Sometimes, he would leave a “You have received the services of…” card before leaving, but that was usually only the case when dealing with gang members. Politicians preferred discretion, and a yelling woman screaming she’d been murdered “because…” just would not do.
The moment approached rapidly, and despite himself, he felt his body tense, ready to spring into action. Some assassins said mantras, lulling themselves into a soft state. They said it heightened awareness, but Brunestadt liked to be present in the moment.

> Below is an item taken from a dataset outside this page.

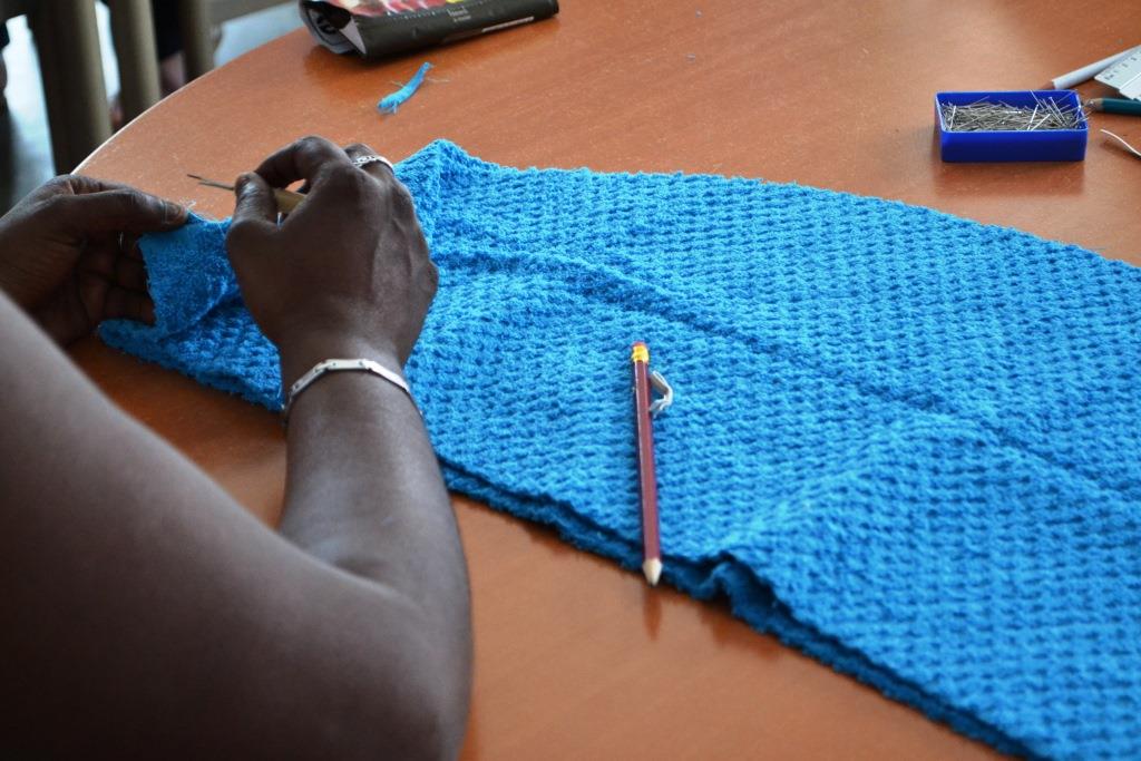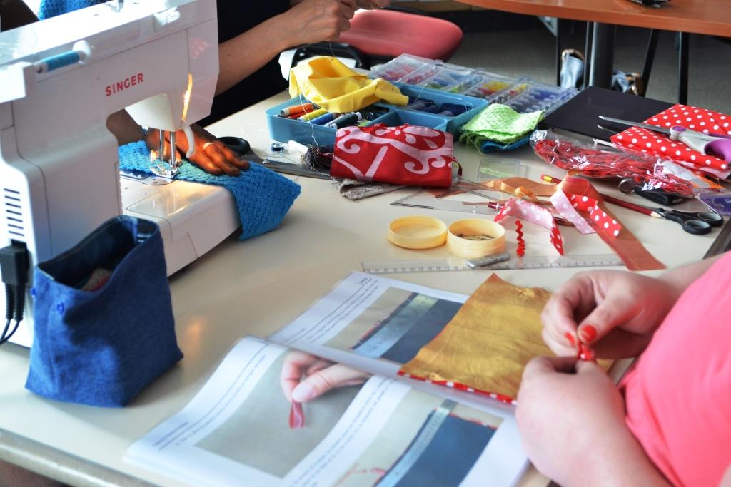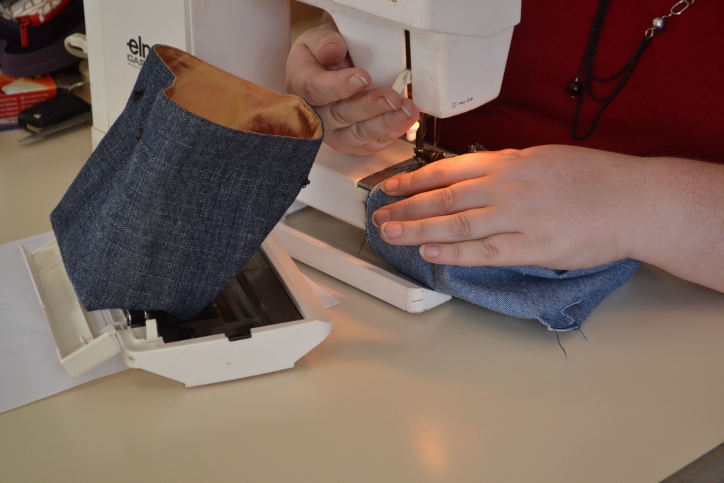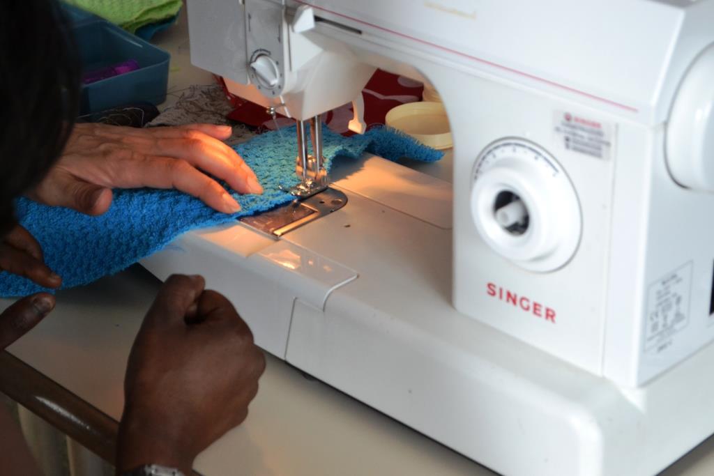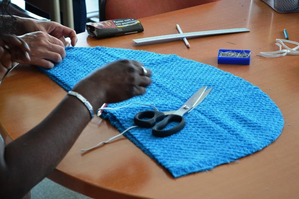 Les participantes réalisent des boites en tissu à partir de jean pour ranger des lingettes démaquillantes. Ces mêmes lingettes sont également réalisées durant l’atelier à partir de serviette de toilette.

He felt a sharp pain in the right side of his belly. Turning his head, he saw the upward turn of her mouth as she rose from her seat. He’d been made.
She stepped around him, looked down, smiled again, mouthed the word “Vale”, which has many meanings, not least “farewell” but also, “be strong”, and walked to the back of the bus, ringing the stop bell as she passed it, her drifting scent one of the last sensory inputs he would experience.
Brunestadt tried to move, but the toxins were already stealing the strength from his muscles. He knew how it went. The world would fade, and he would descend into blackness. Sighing a last sigh, he thought to himself, “It’s only business.”